# WHAT YOU HAVE TO DO
From the first line to the last, repeat the data exactly and drop the pictures.

# AVAILABLE DATA
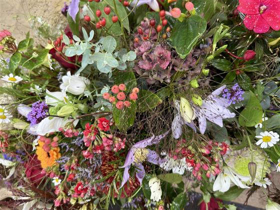A combination of loose country and wild style flowers, herbs and grasses in a mixture of colours which vary seasonally.
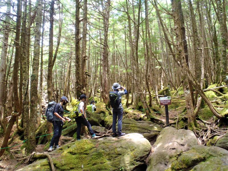 雨に濡れた苔(コケ)を目的に北八が岳に位置する、
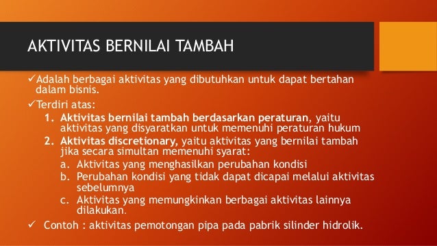 Model ini berfokus pada biaya produksi tidak langsung, berbeda dengan metode alokasi biaya penyerapan dari penetapan biaya tradisional. Assalammualaikum, selamat datang di kelas ips. Metode activity based costing adalah metode yang berfungsi untuk mengalokasikan semua biaya dari berbagai sumber daya yang digunakan dalam menjalankan aktivitas produksi atau menjalankan usaha jasa. Activity based management abm definisi activity based management abm atau manajemen berdasarkan aktivitas adalah pendekatan yang luas dan terpadu yang memfokuskan perhatian manajemen pada aktivitas dengan tujuan perbaikan nilai pelanggan dan laba yang dicapai dengan menyediakan nilai ini hansen dan mowen 2004. Untuk mengetahui lebih jauh pembahasan tentang activity based costing dan penerapannya dalam bisnis, kawan. Pengertian activity based costing activity based costing adalah salah satu metode yang bisa kamu lakukan untuk menghitung biaya dengan akurat. Pertanyaan tentang activity based management inilah pertanyaan tentang activity based management dan hal lain yang berhubungan erat dengan pertanyaan tentang activity based management serta aspek k3 secara umum di indonesia. Oleh ibu guru diposting pada 01/10/2021. Doc activity based management raviqa rahma academia edu.
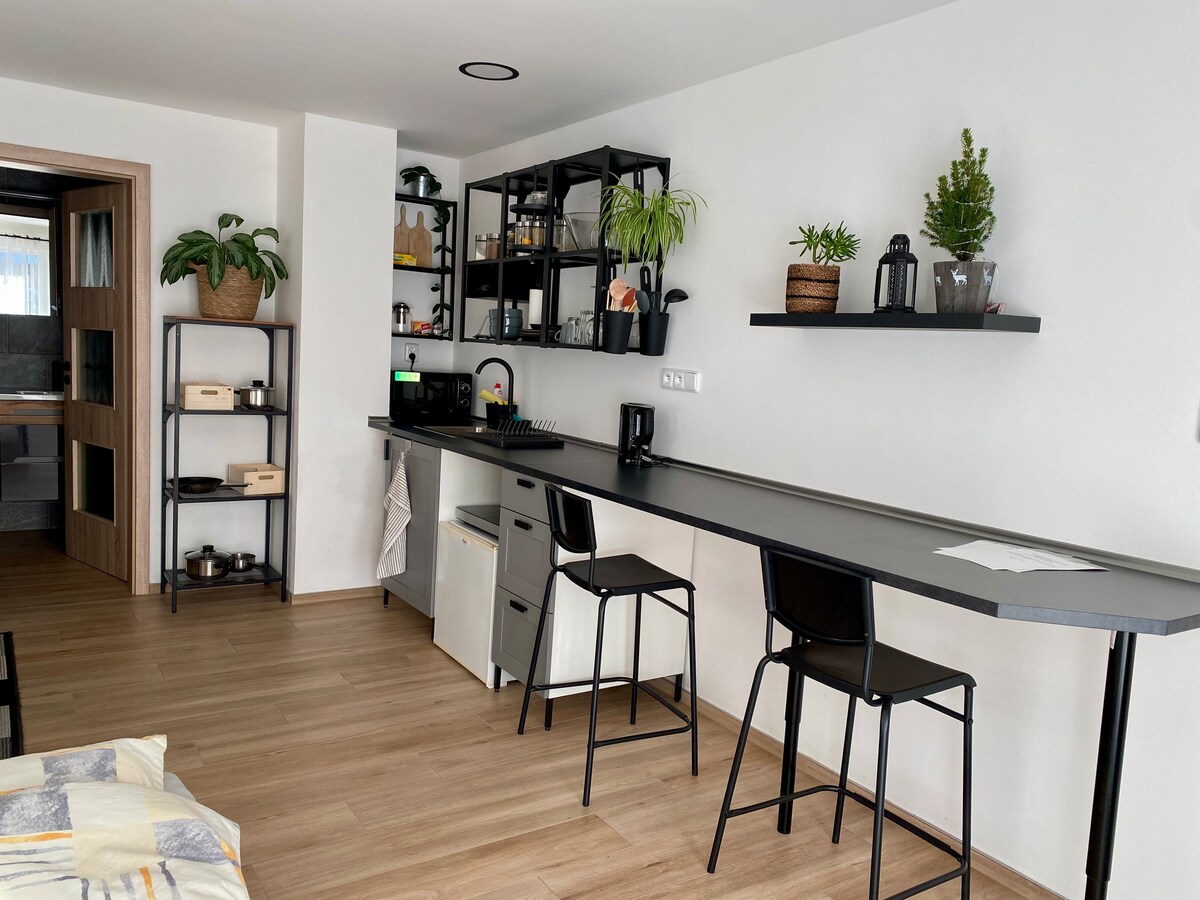 Ev sakit bir mühitdə, ailə evləri arasında yerləşir. Burada mən, dostum, oğlum Mattias və itimiz Arnoşt yaşayırıq. Evlər ayrıdır, buna görə də özünəxidmətli yerləşdirmə seçimini seçsəniz, çox sevinərik. Mənzil tam təchiz olunmuşdur və müasir, havadar üslubda tərtib olunub. Bütün evdə rahatlıq, xoş atmosfer, səliqə-sahman və sakitlik olmasını təmin etməyə çalışırıq.

# TASK SOLUTION
A combination of loose country and wild style flowers, herbs and grasses in a mixture of colours which vary seasonally.
 雨に濡れた苔(コケ)を目的に北八が岳に位置する、
 Model ini berfokus pada biaya produksi tidak langsung, berbeda dengan metode alokasi biaya penyerapan dari penetapan biaya tradisional. Assalammualaikum, selamat datang di kelas ips. Metode activity based costing adalah metode yang berfungsi untuk mengalokasikan semua biaya dari berbagai sumber daya yang digunakan dalam menjalankan aktivitas produksi atau menjalankan usaha jasa. Activity based management abm definisi activity based management abm atau manajemen berdasarkan aktivitas adalah pendekatan yang luas dan terpadu yang memfokuskan perhatian manajemen pada aktivitas dengan tujuan perbaikan nilai pelanggan dan laba yang dicapai dengan menyediakan nilai ini hansen dan mowen 2004. Untuk mengetahui lebih jauh pembahasan tentang activity based costing dan penerapannya dalam bisnis, kawan. Pengertian activity based costing activity based costing adalah salah satu metode yang bisa kamu lakukan untuk menghitung biaya dengan akurat. Pertanyaan tentang activity based management inilah pertanyaan tentang activity based management dan hal lain yang berhubungan erat dengan pertanyaan tentang activity based management serta aspek k3 secara umum di indonesia. Oleh ibu guru diposting pada 01/10/2021. Doc activity based management raviqa rahma academia edu.
 Ev sakit bir mühitdə, ailə evləri arasında yerləşir. Burada mən, dostum, oğlum Mattias və itimiz Arnoşt yaşayırıq. Evlər ayrıdır, buna görə də özünəxidmətli yerləşdirmə seçimini seçsəniz, çox sevinərik. Mənzil tam təchiz olunmuşdur və müasir, havadar üslubda tərtib olunub. Bütün evdə rahatlıq, xoş atmosfer, səliqə-sahman və sakitlik olmasını təmin etməyə çalışırıq.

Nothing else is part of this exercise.